## SOURCE MATERIAL
####################

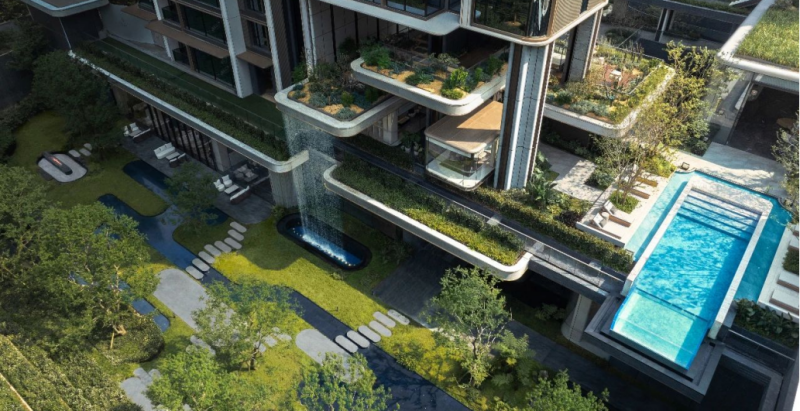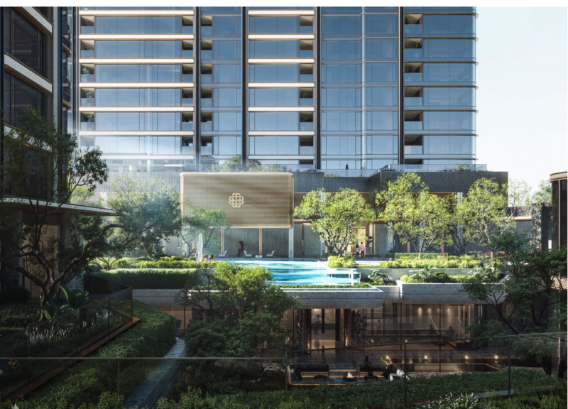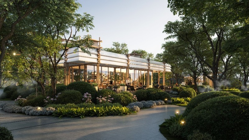 项目以“花园超链体系”为设计主轴,通过外链、内链、私链三重景观连接,构建从城市到房间的沉浸式归家体验。通过林下空间布局商业盒子,联动市政公园形成“元气花园商街”。内设置下沉花园、台地花园、恒温泳池、空中书吧等,形成“全天候全息底盘”式活动空间。
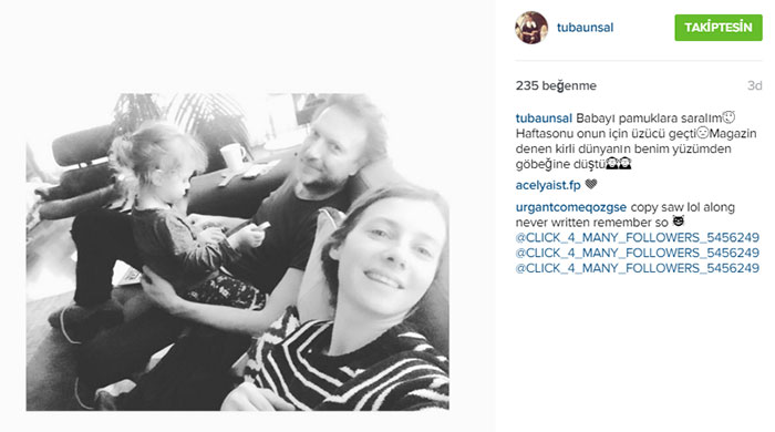 Paylaştığı fotoğrafa Ünsal, "Babayı pamuklara saralım Haftasonu onun için üzücü geçti. Magazin denen kirli dünyanın benim yüzümden göbeğine düştü" notunu düştü.
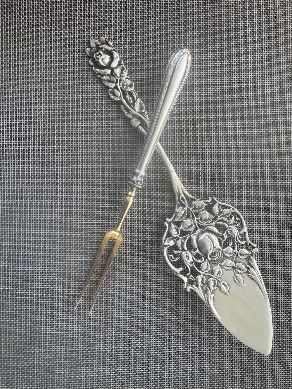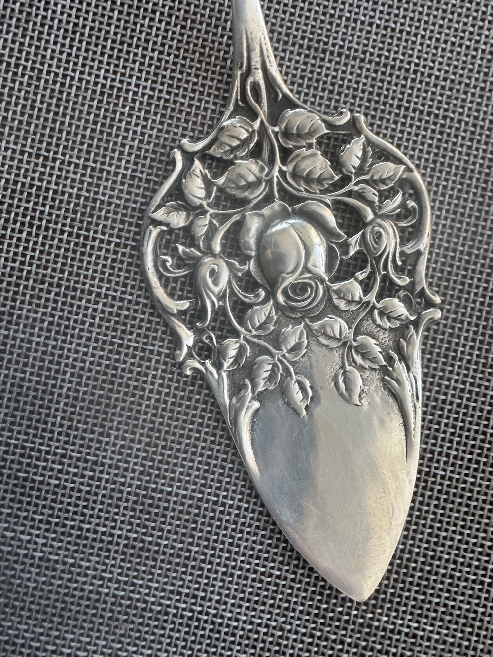 Прекрасный набор для чаепития - старинная серебряная лопаточка для торта , серебро 830 пробы, Швеция, 1955 год , клеймо, вес около 55 г, длина . Красивый ажурный декор, увенчанный хильдесхаймской розой , символом неумирающей жизненной силы
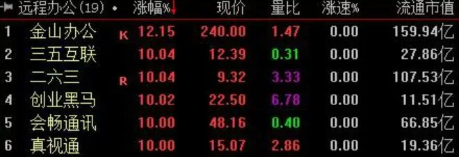 今日远程办公题材再度呈现市场爆发,盘中金山办公、三五互联、二六三、会畅通讯、真视通等个股强势拉升封死涨停,齐心集团、创业黑马、华平股份、视源股份、泛微网络等个股盘中跟风大涨,盘中远程办公题材受到追捧呈现市场走强。
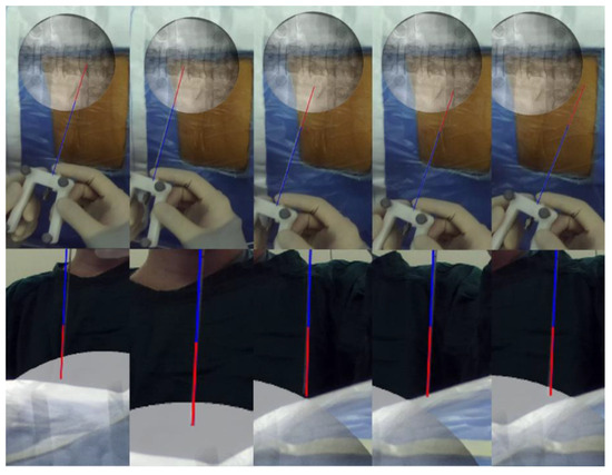 The puncture needle was affixed to a locator with markers, and its length was input into the ARSN system. This enabled the infrared tracking device to pinpoint the location of the puncture needle. Through calibration and coordinate transformation, the AR virtual puncture needle could be shown in the intraoperative video in real time. Before the puncture, an external test was conducted to validate the tracking precision. The real puncture needle was placed on the patient’s body. The location of the real puncture needle could be captured by the camera and shown in the video. Meanwhile, the AR virtual puncture needle was shown in the video. In both the AP and lateral views, the positions of the real puncture needle and the AR virtual puncture needle were recorded and compared at five different positions (Figure 7). The errors in the distance and angle were quantified utilizing the Image-Pro Plus software (version 6.0, Media Cybernetics, Rockville, MD, USA).
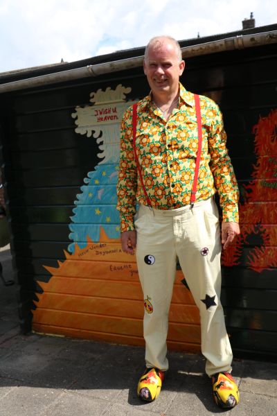 Ik moet meteen aan de fameuze naïeve schilder Ruurd Wiersma ( 1904 – 1980) uit Burdaard denken, als ik mijn voet over de drempel van Ronny Leistra zijn huis zet. Wiersm die van zijn woonkamer een groot geschilderd kleurig panorama maakte. Wanden, plafond, meubilair niets in het huis van de voormalige melkvaarder ontsnapte aan het penseel van Wiersma, een eerste klas zondagsschilder. Zo panoramisch is het bij Ronny Leistra nog niet, maar de schutting, het fietsenhok, de klompen, het plafond heeft inmiddels een kleurrijke metamorfose ondergaan door toedoen van de Sneker kunstschilder. Ronny Leistra is geen naïeve schilder, en als we dan toch een etiketje moeten plakken dan hoort Ronny meer thuis bij de Outsider Art groep. Het zijn kunstenaars die vaak een beetje ‘anders’ zijn, bij deze kunstenaars komt kunst rechtstreeks naar boven borrelen. Het werk van Ronny Leistra is uitermate boeiend, veelzijdig en vooral puur! Op kattebelletjes maakt hij aantekeningen en krabbels die hij later uitwerkt.
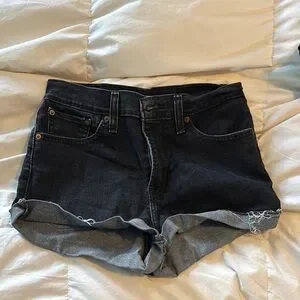 Levi's Black Jean Shorts with Frayed Hem

####################

## INSTRUCTIONS FOR THE TASK
The response is to contain exactly the lines from the beginning of the data through the line containing "Прекрасный набор для", both ends included, and nothing else; omit the pictures.

## WRITTEN SOLUTION
 项目以“花园超链体系”为设计主轴,通过外链、内链、私链三重景观连接,构建从城市到房间的沉浸式归家体验。通过林下空间布局商业盒子,联动市政公园形成“元气花园商街”。内设置下沉花园、台地花园、恒温泳池、空中书吧等,形成“全天候全息底盘”式活动空间。
 Paylaştığı fotoğrafa Ünsal, "Babayı pamuklara saralım Haftasonu onun için üzücü geçti. Magazin denen kirli dünyanın benim yüzümden göbeğine düştü" notunu düştü.
 Прекрасный набор для чаепития - старинная серебряная лопаточка для торта , серебро 830 пробы, Швеция, 1955 год , клеймо, вес около 55 г, длина . Красивый ажурный декор, увенчанный хильдесхаймской розой , символом неумирающей жизненной силы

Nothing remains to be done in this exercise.